GR2 | Validation 1 | Account Management: User Groups (M)

[MathesonSho]

ItemName: Account Management: User Groups (M) ItemName FR: Gestion des comptes : Groupes d'utilisateurs (M)

“Demonstrate that access configurations and policies are implemented for different classes of users (non-privileged and privileged users)”`

Description: This is a new control that determines if there is more than 1 user in the tenant and if so it is required to have at least two different user groups (segmenting between Privileged and Non-Privileged Users). Of these user groups one of them needs to be used in at least one of the environments Conditional Access Policies.

Sample Logic Flow:

• Determine how many users there are in the environment (XX)
• Determine how many user groups there are in the environment (Z)
• Ensure the amount of unique users in the tenant adds up to the amount of unique users in All of the User Groups (XX= XX)
• At least one of the environment’s Conditional Access Policy’s refer to a User Group in it’s implementation.
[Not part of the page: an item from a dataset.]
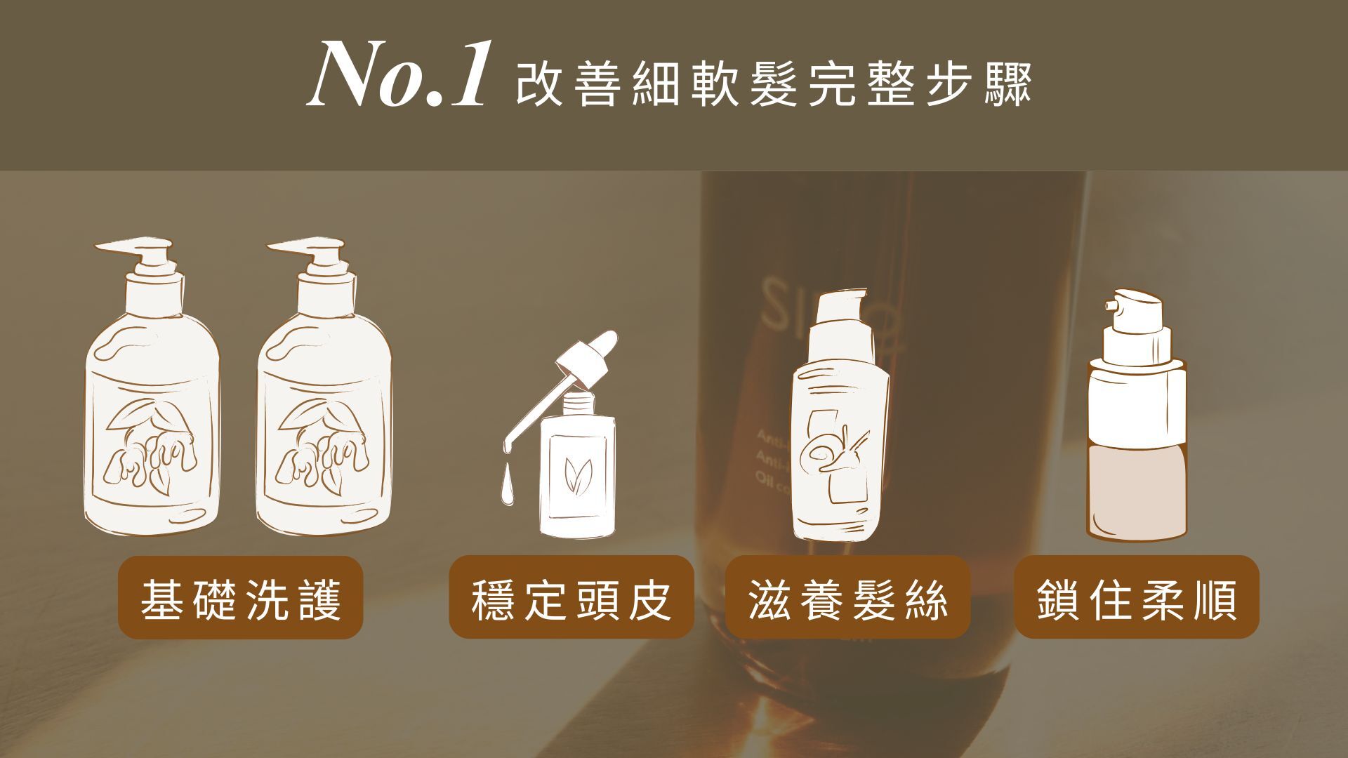 No.1號系列是一個「從清潔、強健到保護」的系列設計,穩定頭皮環境,降低拉扯與摩擦,幫細軟髮保留支撐力。

Comments ENG If compliant: Compliant If non-compliant (users=\ user groups users) : Not all users have been assigned to a privileged or non-privileged user group. If non-compliant: None of the conditional access policies refer to one of your user groups (privileged or non-privileged).

Comments FR If compliant: Conforme If non-compliant (users=\ user groups users) : Tous les utilisateurs n’ont pas été assignés à un groupe d’utilisateurs privilégiés ou non privilégiés. If non-compliant: Aucune des politiques d’accès conditionnel ne fait référence à l’un de vos groupes d’utilisateurs (privilégiés ou non privilégiés).